The subject of process dynamics can get quite involved and cause many to shy away from it. Emerson’s Felipe Fakir, a systems engineer based in Brazil, has written a whitepaper, Process Characterization, to make the topic more approachable—at least in how to identify simple process dynamics.
He opens introducing the process variables used in a control system:
- Manipulated variable – Process input that can be adjusted to keep a control variable at a specific value
- Disturbance – Measured process input that can’t be adjusted, it changes the process response
- Control variable – Process response that must be kept at a constant value
- Restriction – Process output that must be kept within limits, restricting the manipulated variables adjustments
Felipe describes the process of running tests to determine the type of process. Some very common ones include first-order process with deadtime, integrating process, and inverse process.The first-order process is one with deadtime. Felipe cites a temperature response curve inside a furnace as an example of a first-order process.
He notes that a first-order process is stable because once the setpoint step change is applied, the process variable stabilizes at the new value.
Integrating processes change at the integral rate over time. A level in a tank is an example of an integrating process.

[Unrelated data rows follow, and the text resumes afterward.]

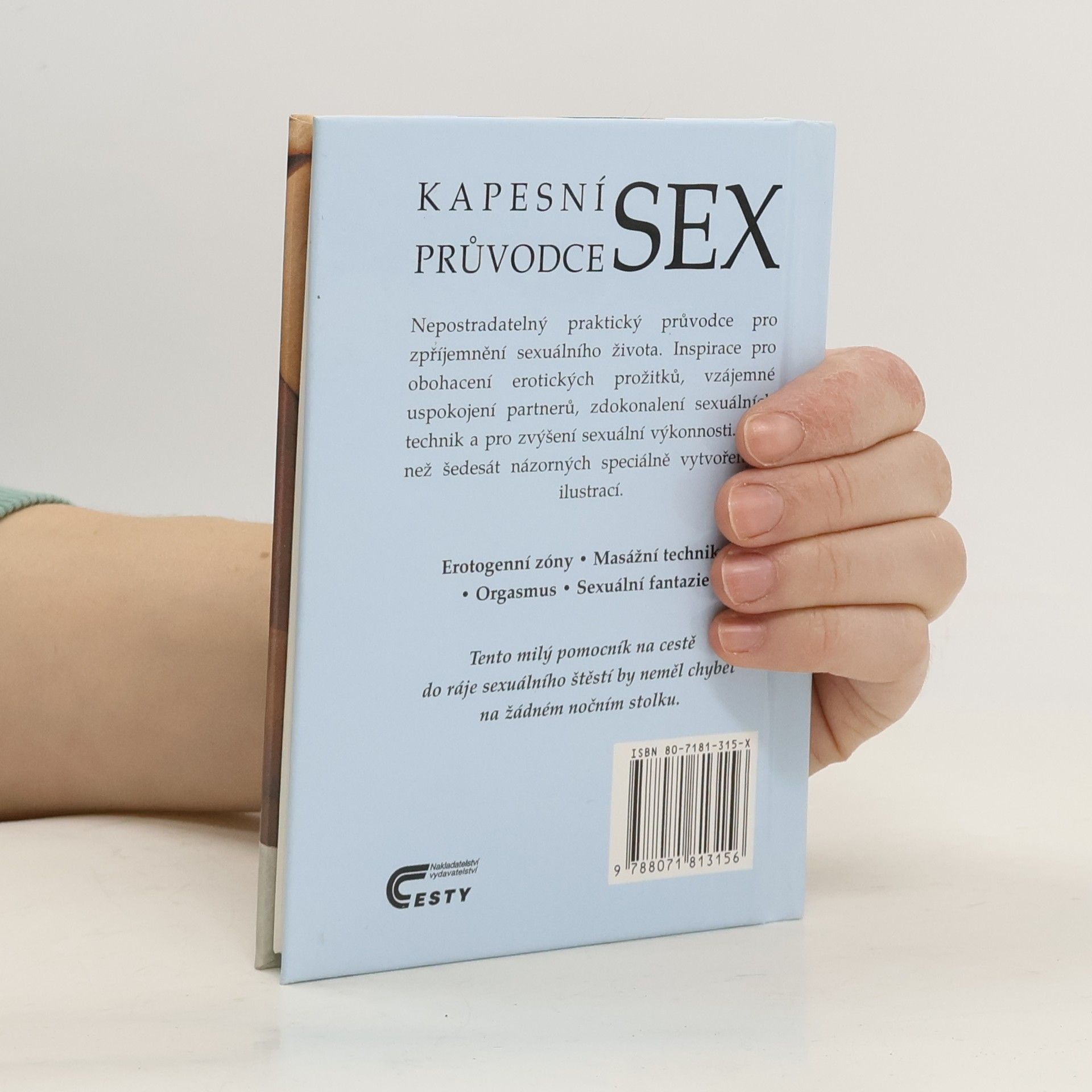 Nepostradatelný praktický průvodce pro zpříjemnění sexuálního života. Inspirace pro obohacení erotických prožitků, vzájemné uspokojení partnerů, zdokonalení sexuálních technik a pro zvýšení sexuální výkonnosti. Více než šedesát názorných speciálně vytvořených ilustrací. Erotogenní zóny - Masážní techniky - Orgasmus - Sexuální fantasie Tento milý pomocník na cestě do ráje sexuálního štěstí by neměl chybět na žádném nočním stolku.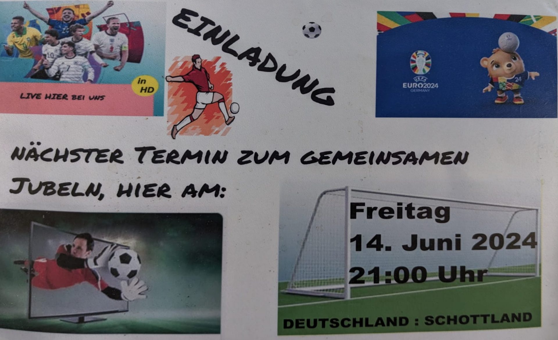 Einladung zum Public Viewing auf Leinwand mit Beamer. Bitte Stühle ohne hohe Rückenlehne (keine Hochlehnerstühle) mitbringen. PS. Aus Erfahrung lässt sich das Spiel um 18 Uhr aufgrund der Helligkeit nicht so gut sehen.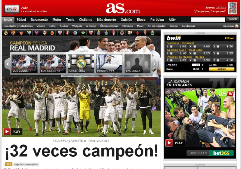 Συγκεκριμένα, η Marca, η οποία είναι προσκείμενη στην Ρεάλ Μαδρίτης, αναφέρεται στον Ζοζέ Μουρίνιο και στους παίκτες του με αποθεωτικά σχόλια, ενώ όλη η ιστοσελίδα της, αλλά και το σημερινό της φύλο, είναι αφιερωμένα στο 32ο πρωτάθλημα των «μερένχες».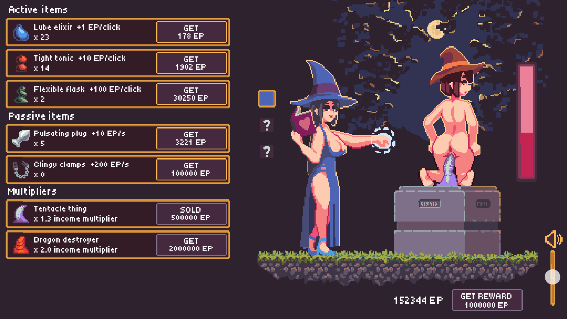 The game is okay, but i was thinking some improvements, after the main witch is naked she and her apprentice will do lesbian sex.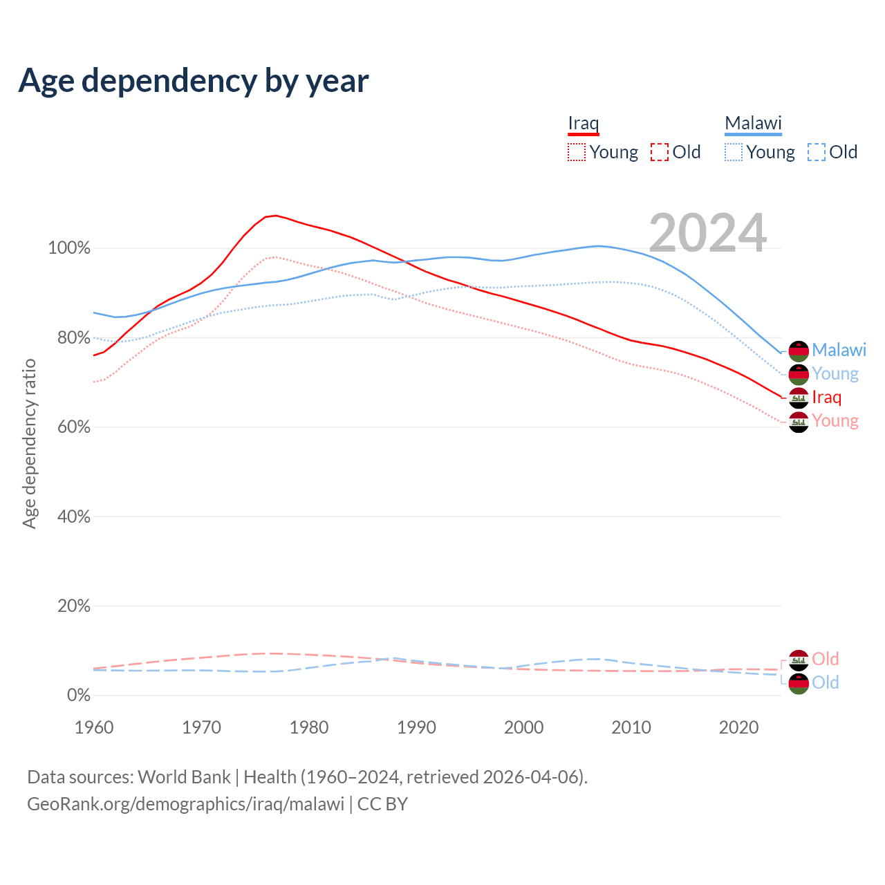 - The share of old-age demographic (65+) in Iraq is 3.41% vs 2.59% in Malawi.
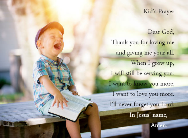 Dear God,Thank you for loving meand giving me your all.When I grow up,I will still be serving you.I want to know you more.I want to love you more.I’ll never forget you Lord.In Jesus’ name,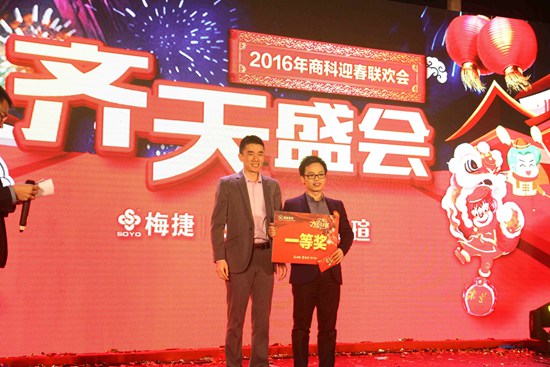 商科總經(jīng)理孫武安先生首先為大家獻上新年祝詞。宴會開始進入第一環(huán)節(jié)“大圣歸來 勇挑重擔”——年度優(yōu)秀員工頒獎盛典。公司為在過去的2015年里辛勤為商科默默奉獻、表現(xiàn)優(yōu)異的員工頒發(fā)榮譽勛章,每位獲獎人員都獲得了獎狀和豐厚的獎金。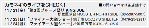 1990年上京。東京を目指すも勢い余って通過してしまい千葉県成田市にて音楽活動開始。以後仕事の傍らミュージシャンとして年間40本以上という驚異的な数のLIVEをこなしている。いわゆる普通のLIVEのみならず、キャンプコンサートなどイベント出演も多数。現在は「KING JOE」というBANDで全国規模で活動中!!その爆笑&失笑ステージは見ごたえあります。「カモネギ」の愛称で親しまれております。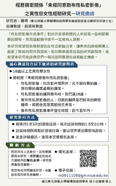 在趙淑珠教授的指導下進行碩士論文研究。本研究主題是「經歷親密關係未經同意散佈性
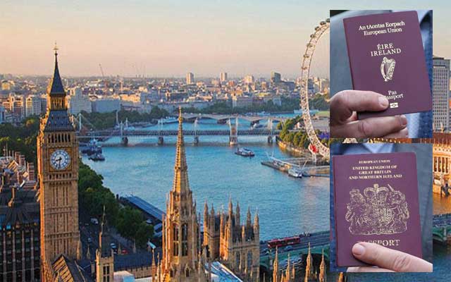 ويحق لأي شخص ولد في جمهورية إيرلندا أو في إيرلندا الشمالية أو ولد لأبوين أو جدين إيرلنديين الحصول على جواز سفر إيرلندي، أي أن ذلك من حق نحو ستة ملايين بريطاني إجمالا؛ وبمقدورهم حمل جنسيتين.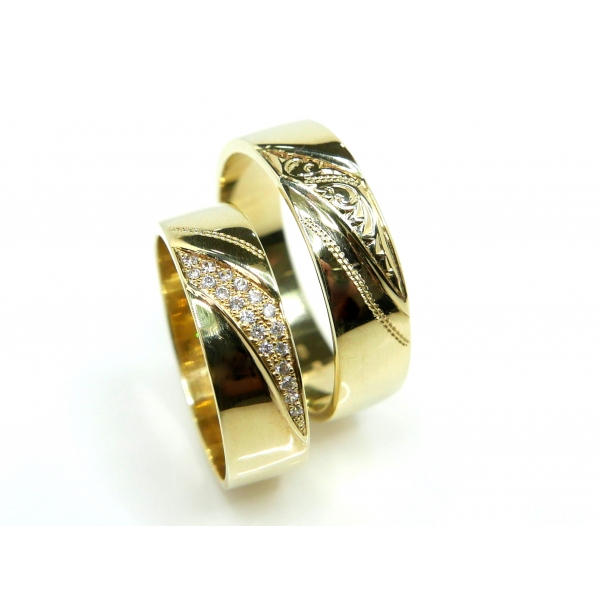 Luxusní ručně vypilovávané snubní prsteny. Lze zhotovit i v bílém zlatě se zirkony/ brilianty/moissanity v ceně 25000,-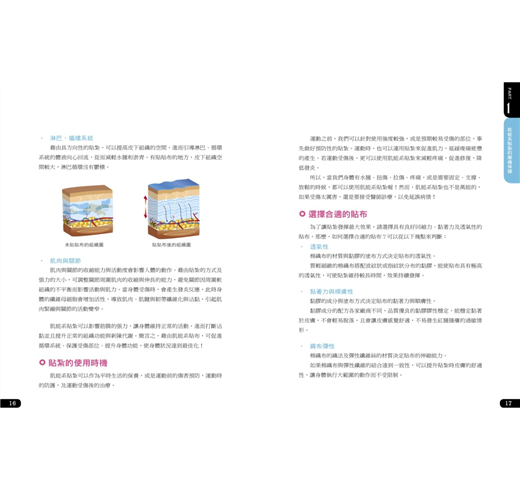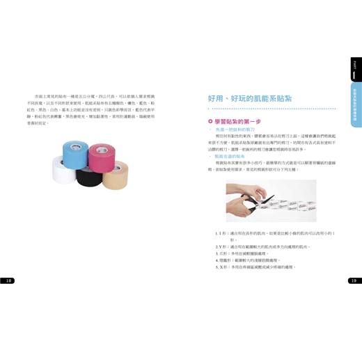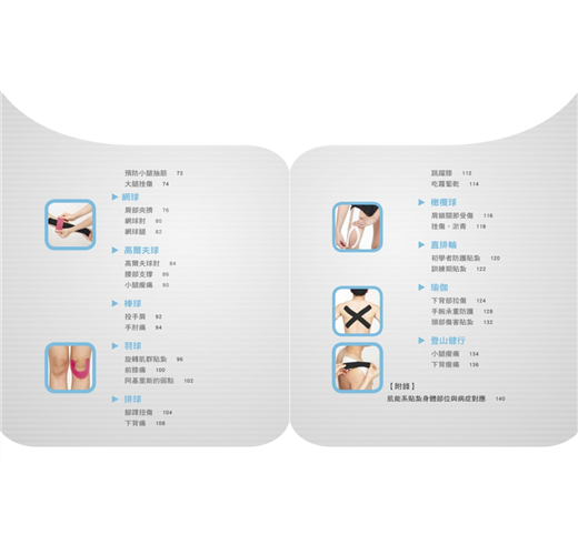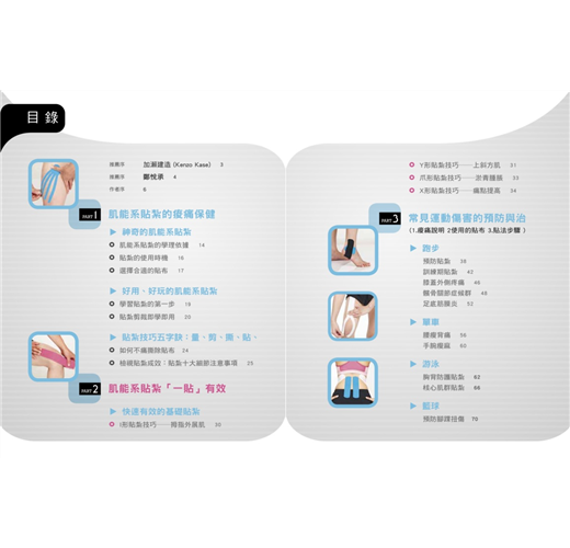 後來,慢慢有些外地的病人希望可以教導他們自行貼紮,以減少舟車勞頓之苦;也有病人擔心出國自助旅遊時發生意外,也希望可以教他們一些常見的貼紮方法。讓我產生了出版這本圖解書的想法!當然,肌能系貼紮不是只能用在運動防護,在臨床上,如:中風、腦性痲痹、乳癌術後的淋巴水腫等病症都可以使用貼紮來作為輔助治療。本書僅簡單介紹一些常見的疾病與保健的貼紮方式,希望能讓大眾更加了解肌能系貼紮並使用它!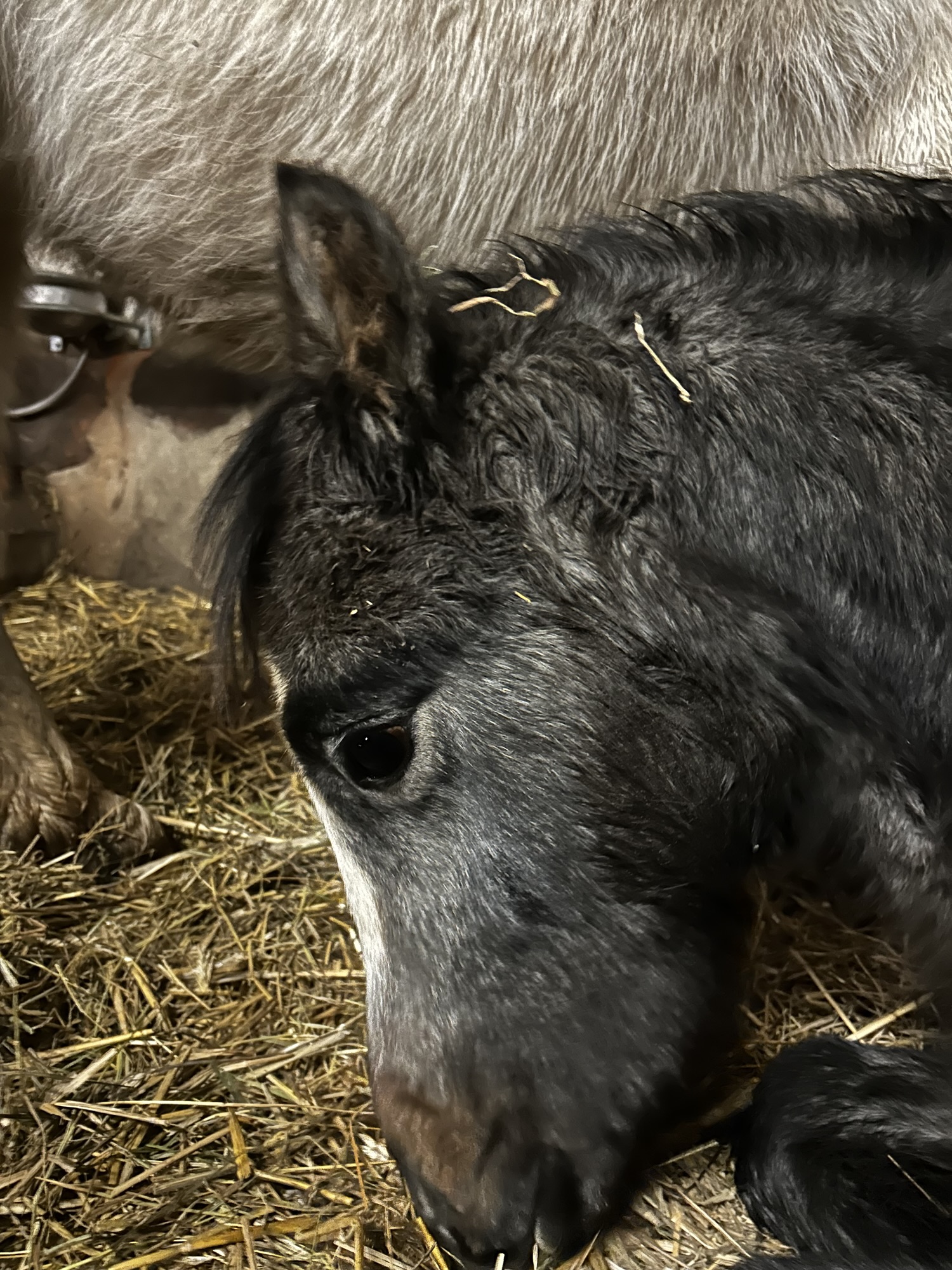 Dieser kleine Stern ist total überrschend am 16.05.2025 gelandet. Wir sind so verliebt. Ich war die ganze Nacht Wach und habe mit Kamera in Cayas Box gestarrt. Leider die falsche. Emilia sah am Abend noch überhaupt nicht so aus, als wenn wir ein Fohlen bekommen. Außerdem kam Haku auch 6 Tage zu früh, wärend Caya jetzt schon 6 Tage drüber ist. Jedenfalls habe ich Freitag gefüttert und abgeäppelt, selbst gefrühstückt und erst als ich alle raus schmeißen wollte, habe ich gemerkt, dass ein Pferd zu viel in der Boß ist. Er ist zuckersüß und ich bin mir ziemlich sicher, dass wir einen kleinen Schimmel bekommen.

An inverse process is one where the initial response to a setpoint change is in the opposite direction before moving back in the same direction as the change. Bottom heating in a distillation column is an example of an inverse process response.The number of time constants within a process determines if it is first-, second-, third- etc. order. Three or more time constants denote higher order process.
Felipe describes the steps in finding process constants in a first-order example. The time constant (Ƭ) is found at the process variable’s 63.2% climb to the setpoint change. The mathematics behind this value is found in the Time Constant Wikipedia entry.The delay between when the setpoint step change is made and the process variable begins to move is known as dead time.
The process gain (Kp) is defined as the steady state change in the measured process variable divided by the steady state change in the output.